In a previous retrospective study by Blom et al (2004) the incidence of VTE was found to be three-fold higher in those with lung adenocarcinoma than in those with lung SCC. Moreover, Chew et al (2007) found that the independent predictors of developing VTE within one year after the diagnosis of NSCLC were: younger age, the number of chronic comorbidities, advanced TNM stage and adenocarcinoma histology. In fact, we have also observed that VTE among patients with LC occurred earlier in patients with adenocarcinoma as compared to other LC histologies, although patients with the former were also more likely to have metastatic disease and adenocarcinoma was not found to be an independent variable after Cox multivariate analysis.

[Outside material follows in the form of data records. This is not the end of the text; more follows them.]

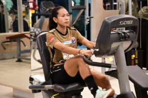 การฝึกซ้อมครั้งนี้ “โค้ชหนึ่ง” หนึ่งฤทัย สระทองเวียน รักษาการหัวหน้าผู้ฝึกสอนฟุตบอลหญิงทีมชาติไทย ปรับโปรแกรมไปเข้าฟิตเนสแทน หลังมีฝนตกลงมาอย่างหนัก โดยเน้นไปที่ การเสริมสมรรถภาพร่างกาย และความแข็งแรงของกล้ามเนื้อซึ่งใช้เวลาฝึกซ้อม 1 ชั่วโมง
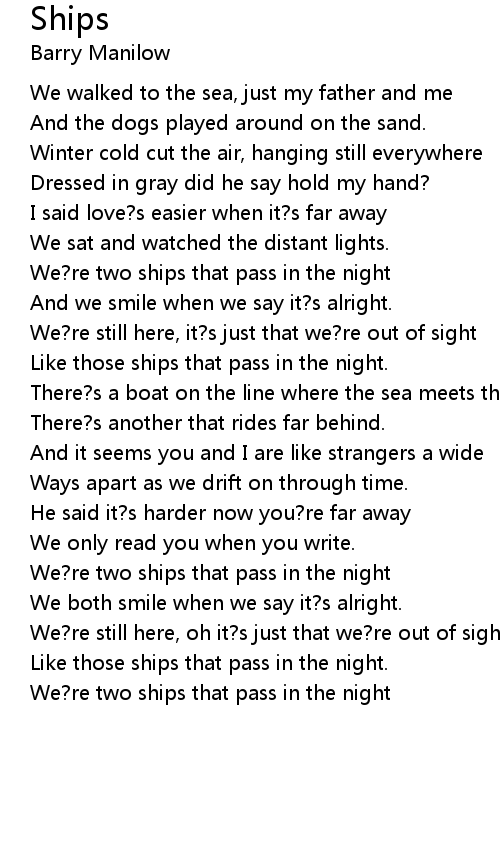Like those ships that pass in the night. |
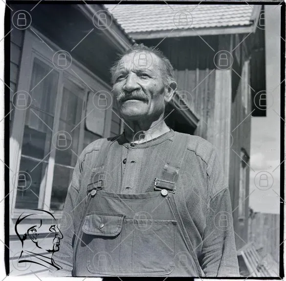man, gammal, mustasch, överallsbyxor, svartvitt, utomhus, byggnad, fönster, trä, landsbygd, porträtt, traditionell, kläder, ansiktsuttryck, sommar, natur, historia, kultur, fotografi, vintage
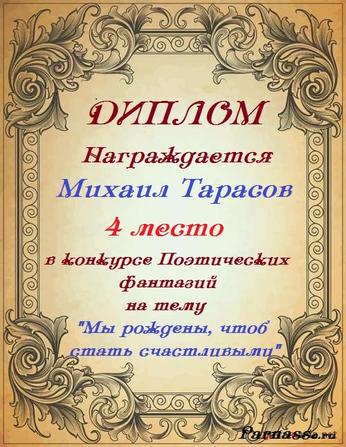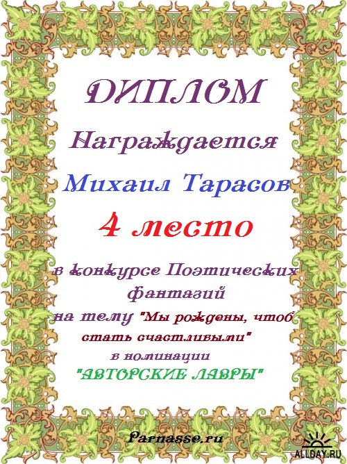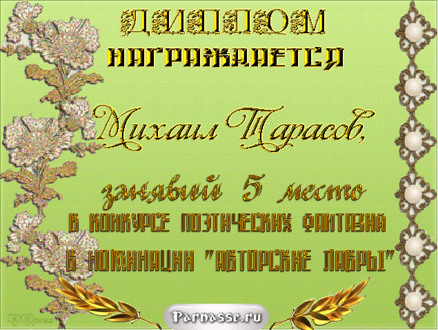 За неугасающую и неисчерпаемую творческую активность, постоянный контакт с Музой и признание сообществом "Парнасцев".От всей души желаем Вам, МИХАИЛ, здоровья, любви, успехов, благополучия, удачи и творческого вдохновения!
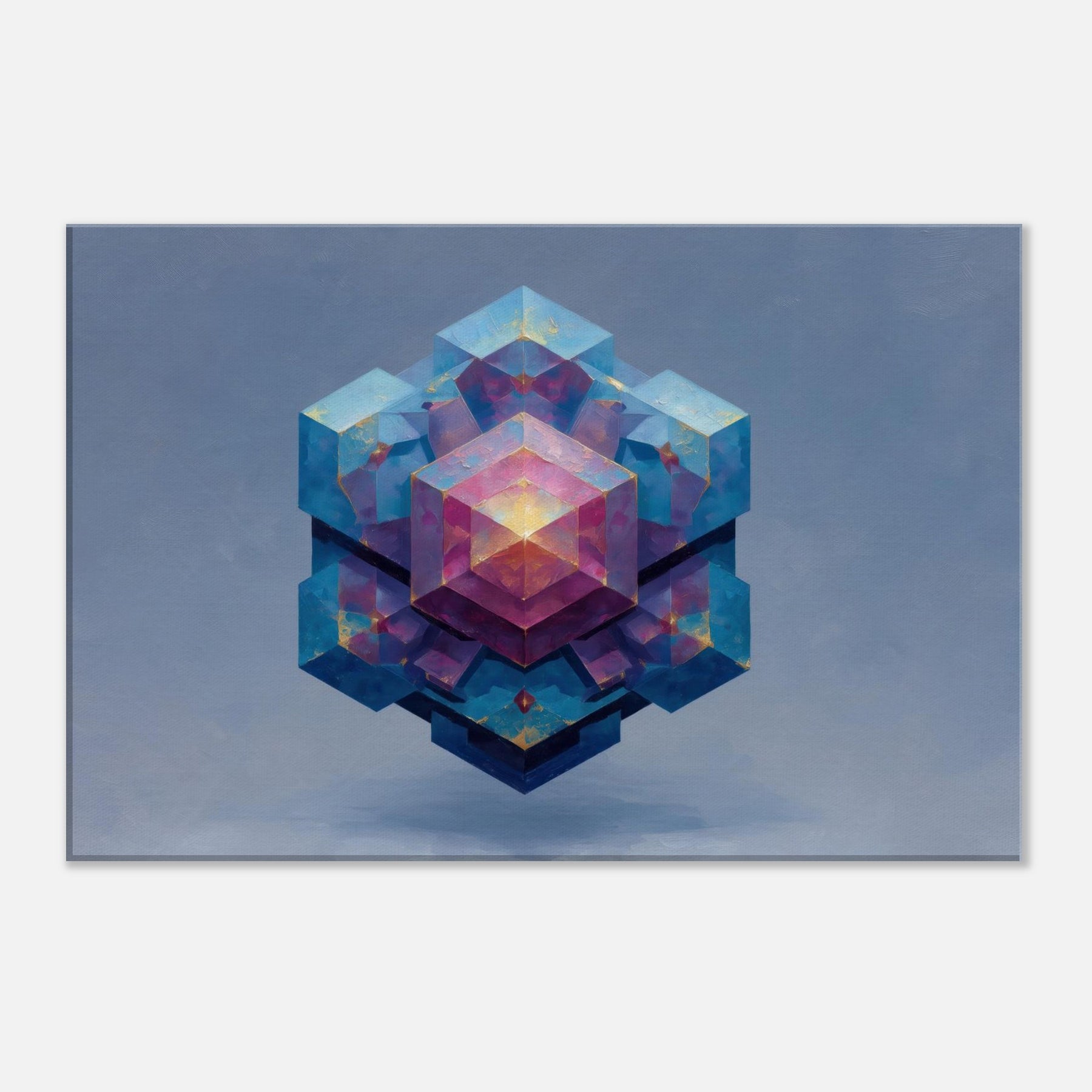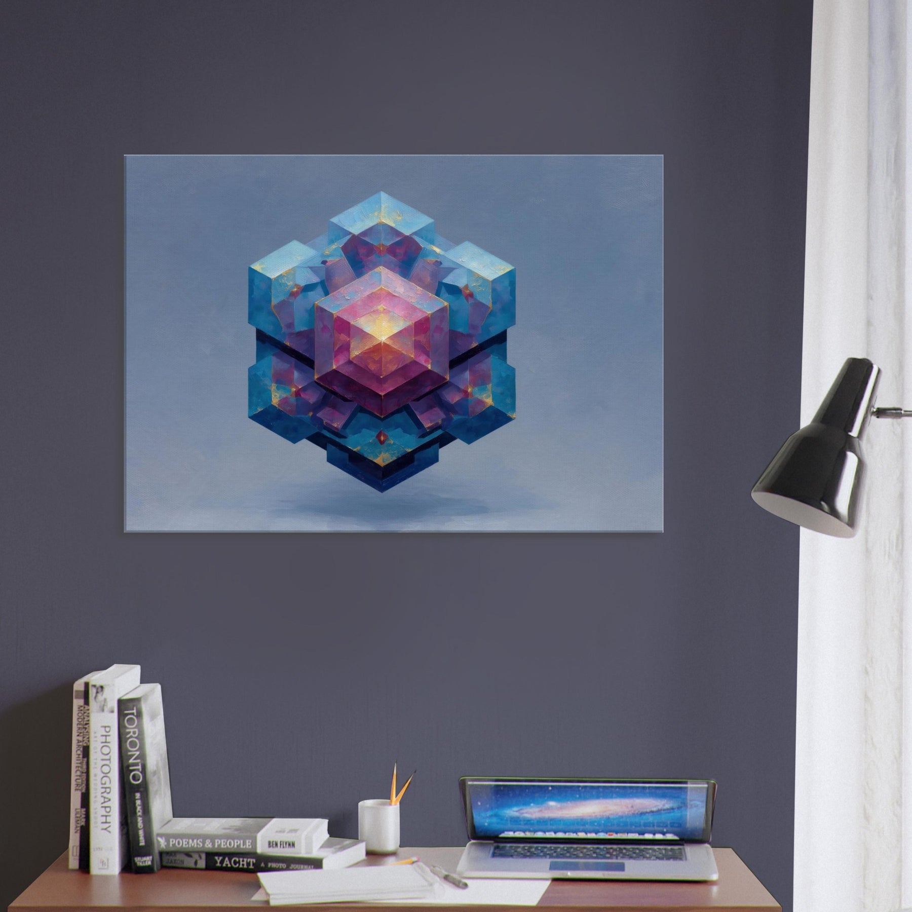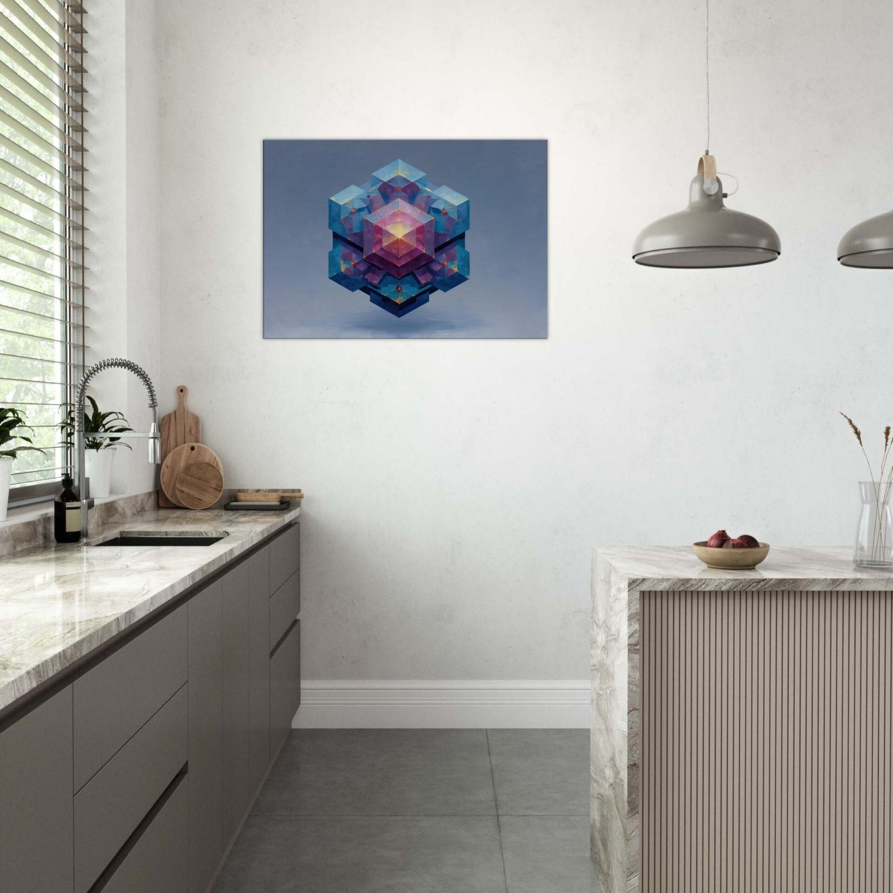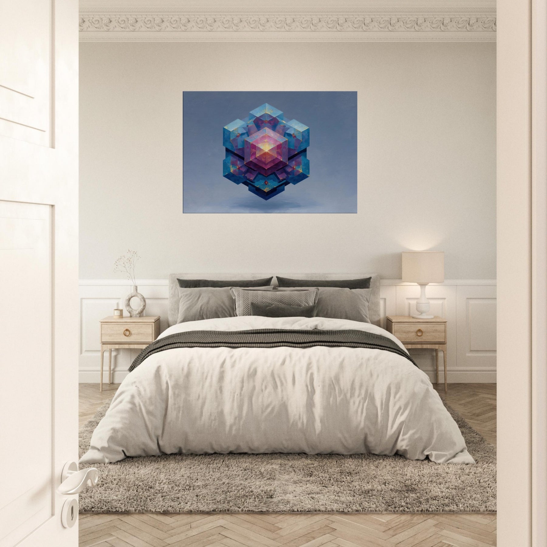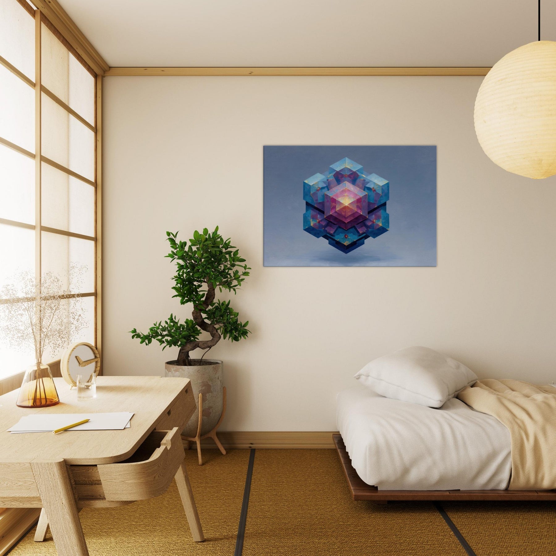 Metatron’s Cube radiates as a luminous organ of light, a portal of symmetry that refracts memory and intention. This abstract composition circles you with crystalline prisms blue, lavender, and gold whose facets catch the room’s breath and scatter it into calm, meditative glow. The artwork seems to hover, inviting quiet reflection and a sense of expansive space, perfect for a living room or study. Hang it where natural light meets evening shadow, and watch atmosphere transform into a slow, celestial rhythm.
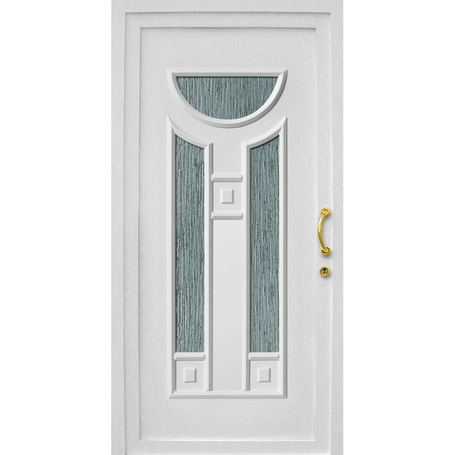 Moderne Haustüren mit Kassetten-Optik und profilierten Glaseinfassungen
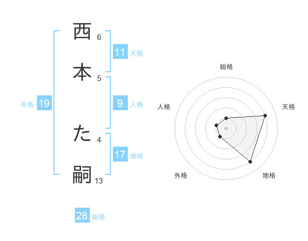 西本 た嗣さんを姓名の画数から五運を鑑定
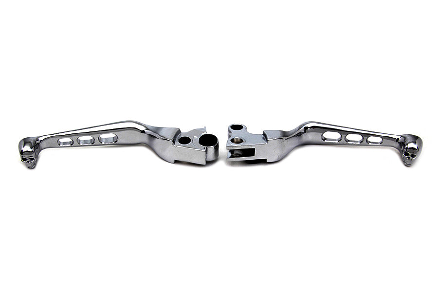 Chrome contour hand lever set features skull ends and is drilled with 3 holes per lever. *NOTE: Does not fit police models or models equipped with hydraulic clutch.
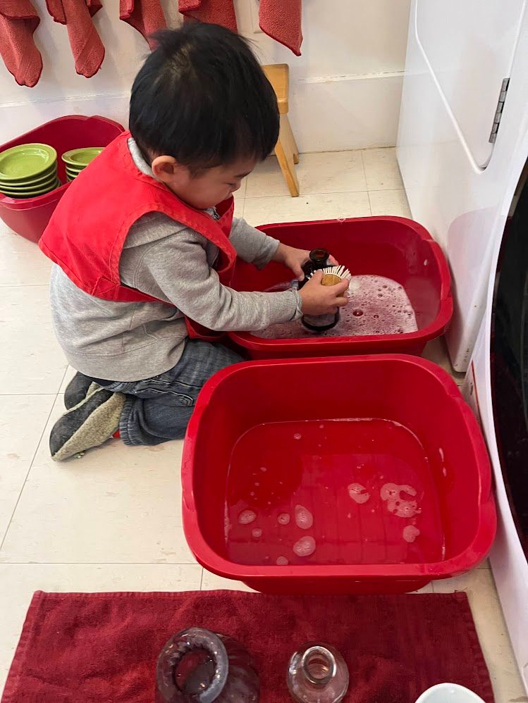 Any job that can be done by the children is taught to the children! In addition to being responsible for their own bodies and belongings, they can also help keep their classroom home clean and tidy. They help sweep, wash windows and fold the laundry whenever they realize those chores need to be done!
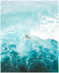 Stunning aerial shot of a surfer riding vibrant bl
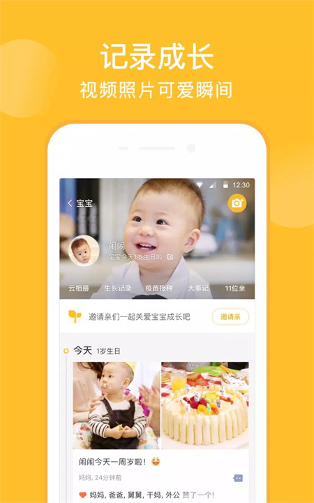 - 家庭共享功能:邀请家人加入,共享宝宝的成长时刻,构建家庭之间的亲密关系,让每个家庭成员都参与到育儿过程中。
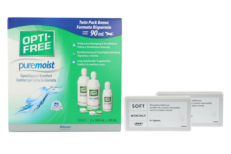 Lensy Monthly Soft Spheric 2 x 6 Monatslinsen + Opti Free Pure Moist Halbjahres-Sparpaket
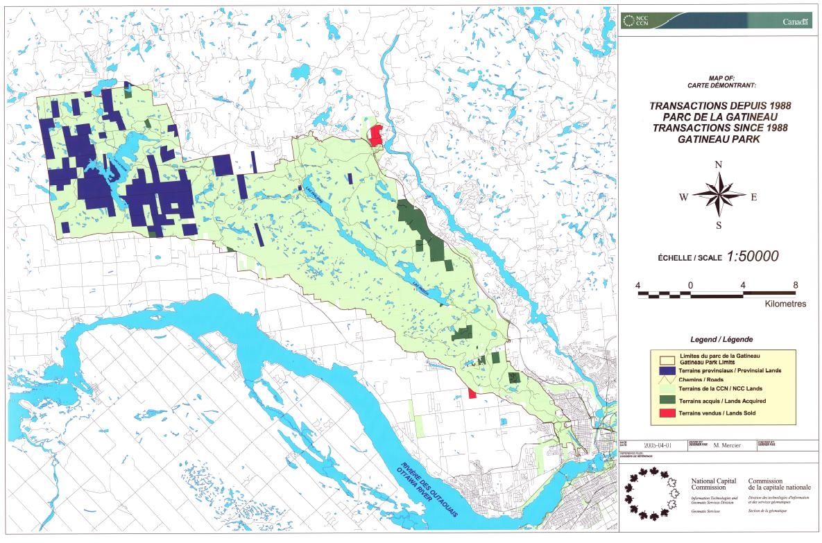 La CCN prétend que les terrains hachurés en bleu sur cette carte appartiennent au gouvernement du Québec, bien qu’ils aient été transférés au gouvernement fédéral en 1973. Par ailleurs, la CCN verse les paiements tenant lieu d’impôts fonciers pour ces 12 500 acres de terrains dans le parc.
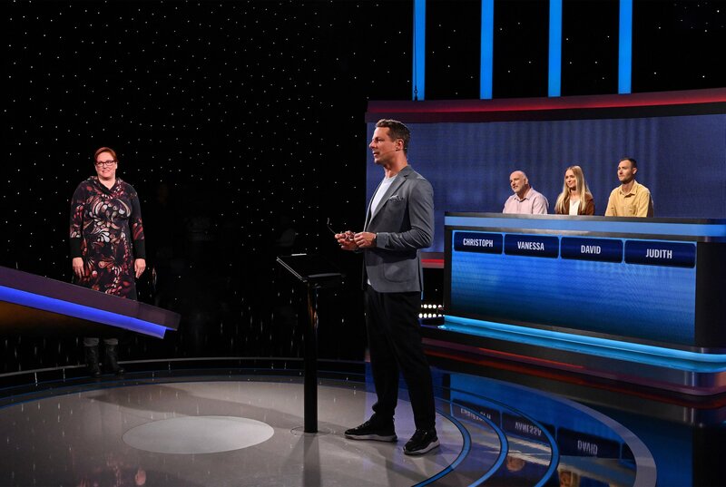 Moderator Alexander Bommes (2.v.l.) mit den Kandidat:innen: Christoph Lembke (3.v.r.), Vanessa Schoen (2.v.r.), David Schröder (r.), Judith Wollstädter (l.).Bild: © ARD/Uwe Ernst
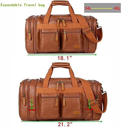 This travel bag is perfect for 2~4 days travel to use. This travel bag can also be used as a hospital bag, sports bag, shopping bag, beach bag, overnighter or weekender bag. Can serve as hand luggage for most airlines. Expandable capacity: From 34L to 40LVegan leather-like genuine leather accents But Don’t Hurts animalsShoe compartment: Two large side pockets can store your shoes (but the height is 11 inches)
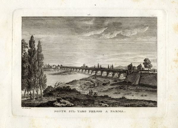 PARMA - "Ponte sul Taro presso a Parma". A. Nini inc. Graziosa vedutina prospettica.
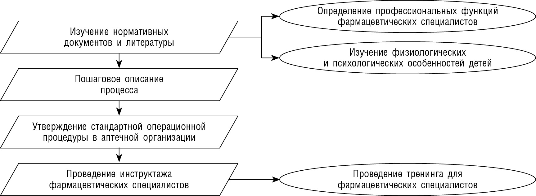 Рис. 2. Блок-схема разработки и внедрения стандартной операционной процедуры процесса фармацевтического консультирования с элементами фармацевтического просвещения несовершеннолетних посетителей в аптечной организации
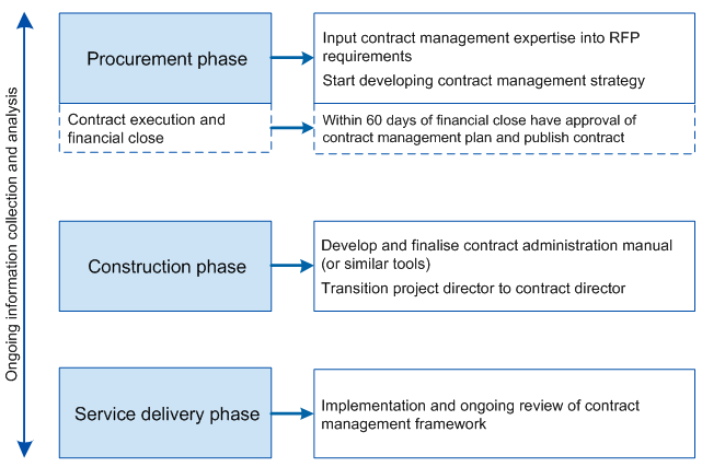 Developing and implementing a contract management strategy for a Partnerships Victoria project can be a complex task requiring significant resources. However, completing this task early has significant benefits, as effective contract management assists the government party to achieve the value for money and project outcomes agreed upfront in the project deed.
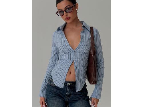 Long sleeve top Stripe print, classic collar, button-down closure, split at cuffs with button detail Non-stretch material, unlined 100% polyester Cold gentle machine wash
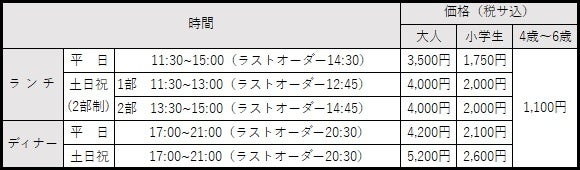 電話 082-262-1132(レストラン総合案内 10:00〜19:00)
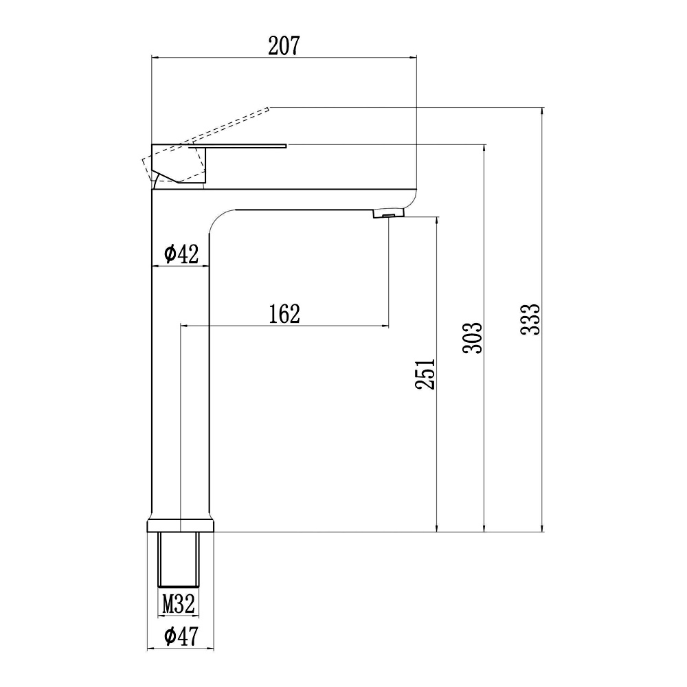 Fmark FS8811C — дизайнерский смеситель для умывальника, выполненный из нержавеющей стали AISI 304. Элегантный силуэт с расширением нижней части корпуса подчёркивает премиальный стиль и относит модель к категории дизайнерских решений. Высокий корпус делает её идеальной для отдельно стоящих раковин-чаш.
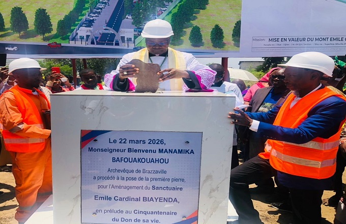 L’archevêque métropolitain de Brazzaville et président de la Conférence épiscopale du Congo, Monseigneur Bienvenu Manamika Bafouakouahou a procédé, le dimanche 22 mars 2026 à la pose de la première pierre d’un sanctuaire en hommage au cardinal Emile Biayenda. Cette festivité marque ainsi le lancement de l’année jubilaire, qui sera célébrée en 2027 prochain, des cinquante (50) ans de l’assassinat du prélat, le 18 mars 1977.

In regard to VTE-related outcomes, although the clinical presentation of VTE in patients with LC was more frequent as PE, we did not observe differences in adverse outcomes directly related to the VTE event compared to patients with OC. After a long-term follow-up, we observed a trend towards a greater, albeit not statistically significant, venous rethrombosis in patients with LC compared to those with OC. Likewise, no differences were found in the occurrence of major bleeding complications and causes of death. Thus, overall, our study suggests that the prognosis of VTE in patients with LC and OC would be similar at short and long-term follow-up. However, in a considerable proportion of patients included in our study the VTE index event was diagnosed incidentally by scheduled CT scans. Clinically unsuspected PE during scheduled CT scans is found in about 5% of all CT scans performed in cancer patients according to data by Browne et al (2010) and current international guidelines recommend to anticoagulate incidentally-found VTE. It is of note, that nearly 50% of all PEs in our study were incidentally-diagnosed as previously reported by our group (Font et al, 2011) and in agreement with other studies by several authors worldwide (Sun et al 2010, Di Nisio et al 2010 and Singh et al 2010). This should be taken into account on interpreting our VTE-related outcomes and on comparing our findings with data from studies only including patients with symptomatic VTE (Monreal et al 2006).

A limitation of our study is that a high proportion of our patients died in palliative-care facilities outside our institution or were lost of follow-up. In addition, we did not routinely perform autopsies to all patients who died in our hospital. Consequently, it is difficult to be sure of the real incidence of ‘venous rethrombotic events’ during follow-up.   

In summary, the present study provides new information on the epidemiology of thrombosis in cancer patients. Lung cancer was the most frequent tumor in our series and VTE occurred earlier in these patients after the diagnosis of cancer compared to OC. Highly significant differences were found in mortality, albeit not VTE-related, on comparing LC and OC patients. Nonetheless, we did not observe significant differences in either the short or long-term follow-up with respect to VTE-related outcomes. These findings suggest that the behavior of the underlying biological mechanisms in patients with LC may differ resulting in a higher clinical agressiveness in both the development of thrombosis and prognosis of the oncological process.